The CEO of the $150 billion chip design firm spoke about his seven years at Nvidia working on computing products at the All-In Summit 2025 in September, in a conversation posted Wednesday.

Haas said he saw how Jensen Huang built the company by taking bold risks and pivoting quickly.

Haas said Huang changed strategy at an off-site meeting meant to review business roadmaps. “We’re abolishing this product line. We’re going to move 2,000 engineers off of project X onto project Y,” said Haas, adding that the company had only about 6,000 people at the time.

That abrupt shift — away from making support chips for Intel’s processors — proved decisive. Instead of trying to keep up with Intel in PCs, Huang redirected thousands of engineers to focus on Arm-based designs and graphics chips.
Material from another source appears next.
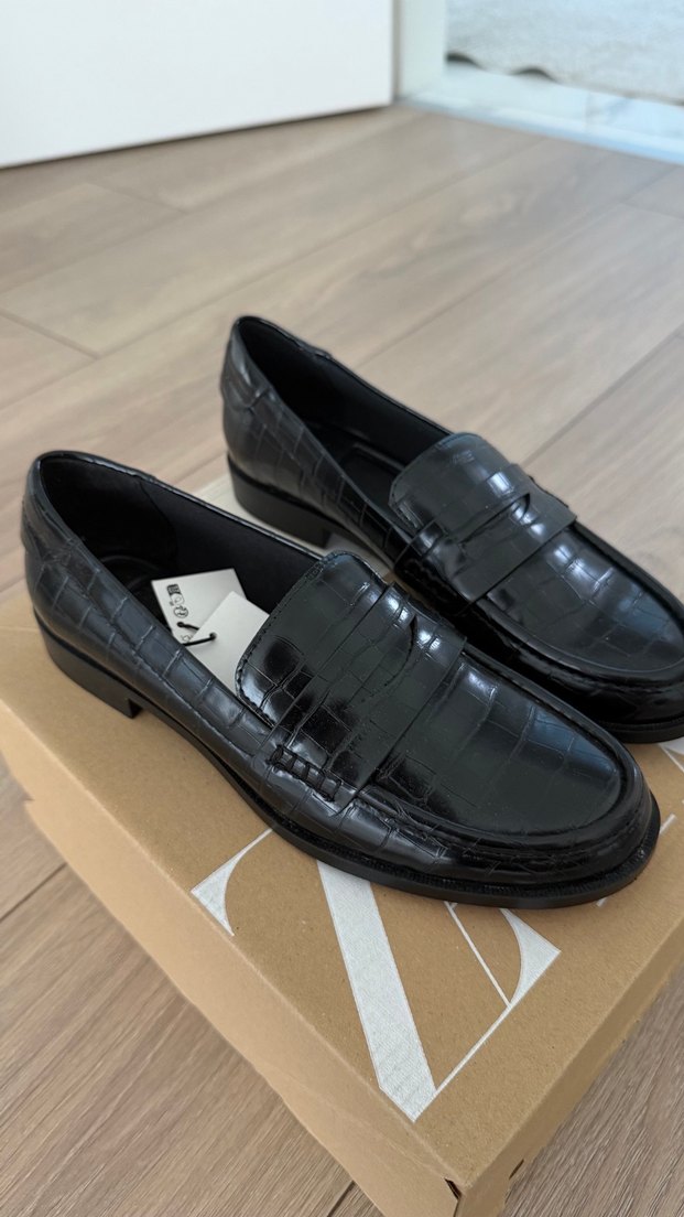 Siyah yılan desenli, tokalı ve blok topuklu kauçuk kadın loafer, ofis ve günlük kullanıma uygundur. Yeni etiketli zara
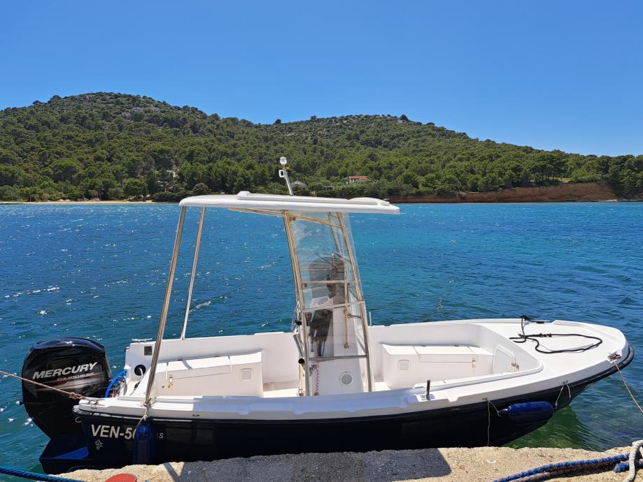 Brod je unikatan i samo je 1 ovakav, povecana je konzola i napravljen je inox rollbar na koji je namontiran tvrdi krov. Sve je rađeno po narudžbi.

That move reshaped the company’s future, said Haas, who left Nvidia in 2013 to join Arm.

“You have this amazing set of characteristics of vision, speed, fearlessness, taking risk, and an ability to pivot very, very fast,” Haas said of Huang, adding that he has “learned so much” from working with him.

Nvidia is one of Arm’s flagship customers — its latest AI chips combine Arm-based CPUs with its own powerful GPUs.

In 2020, Nvidia tried to acquire Arm in a $40 billion deal that fell through because of regulatory hurdles. Haas told Business Insider in 2022 that Arm wasn’t dwelling on the failed sale and was instead focused on expanding in industries like cloud, networking, automotive, and the Internet of Things.

“I’m not going to say Jensen is my competitor today,” Haas said at the All-In Summit.

But when asked if Arm might eventually make its own chips and go head-to-head with Nvidia, he added: “I’m not going to say that today, but could we do that? I hinted in the last conference call that we’re looking at going a little bit further than we do today.”

Haas, Arm, and Nvidia did not respond to a request for comment from Business Insider.